Actually, if 0 < a and 0 < b < 1, then ab < a. a does not have to be less than 1.knowLittle said:I would like some feedback on my proof.
Can I just say that :
0< a<1 ... [1]
0<b<1 ... [2]
multiplying [2] by 'a' everywhere, then I get
0<ab<a
And, we prove that ab<a?
To prove this inequality, we can start by noting that since 0 < a < 1, we know that a is a positive number less than 1. Similarly, since 0 < b < 1, we know that b is also a positive number less than 1. Multiplying two numbers less than 1 together will always result in a number smaller than either of the original numbers, hence ab < a.
Considering the range of values for a and b is important in this inequality because it helps us understand the behavior of the variables within a specific range. In this case, when a and b are both between 0 and 1, their product will always be smaller than a. This understanding is crucial in various mathematical and scientific applications.
Sure! Let's take a = 0.5 and b = 0.3 as an example. When we multiply these values together, we get ab = 0.5 * 0.3 = 0.15. Since 0.15 is smaller than 0.5 (a), the inequality ab < a holds true.

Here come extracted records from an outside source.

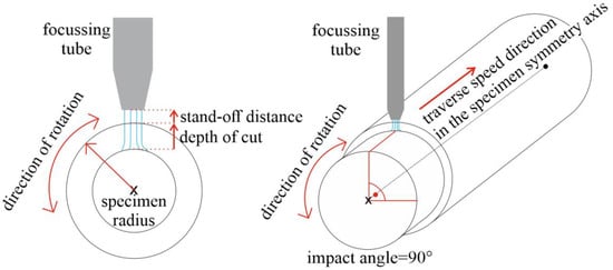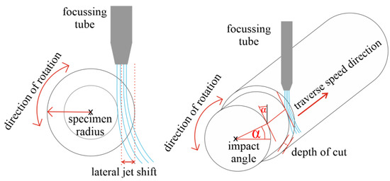 Compared to AWJ cutting, several new variables were defined. They are related to the relative position of the jet and specimen and to the rotational movement. These new variables are the direction of rotation, the rotational speed, the lateral jet shift, and the radius of the specimen. The theoretical influence of the new variables, as well as some already well examined variables, will be discussed below.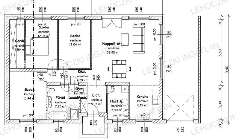 Lakótér 107.23 nm + terasz + fedett autóbeálló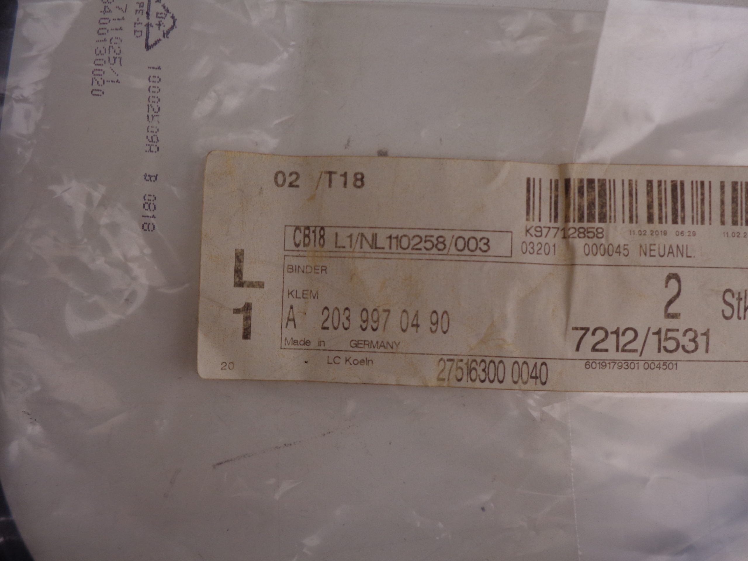 A2039970490 KLEMBAND NEW OLD STOCK ORIGINEEL MERCEDES-BENZ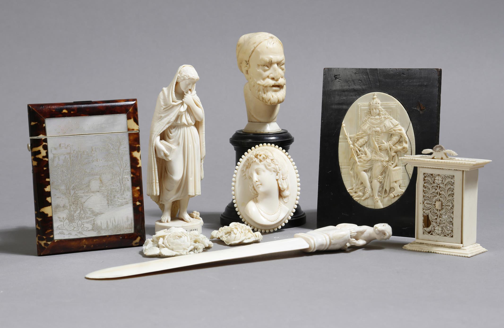 λ A late 19th century ivory figure of Highland Mary, the base titled and signed 'J. GEERCKE', together with a carved ivory bust of a bearded man on an ebonised socle, a carved ivory plaque of a king seated on his throne, two floral brooch mounts, an oval medallion bust of a lady, paper knife with a lion cub finial, a German bone doll's house cupboard and a Victorian tortoiseshell and engraved mother of pearl card case, 21.6cm (max). (9)

The concept of fractions is fundamental in proving this inequality because when a and b are both fractions between 0 and 1, their product will always be a smaller fraction. This is due to the fact that multiplying two fractions results in a smaller fraction, making the inequality ab < a valid.
No, there are no exceptions to this inequality when a and b are both between 0 and 1. The inequality ab < a holds true for all values of a and b within this range, as multiplying two numbers less than 1 will always result in a smaller number than either of the original numbers.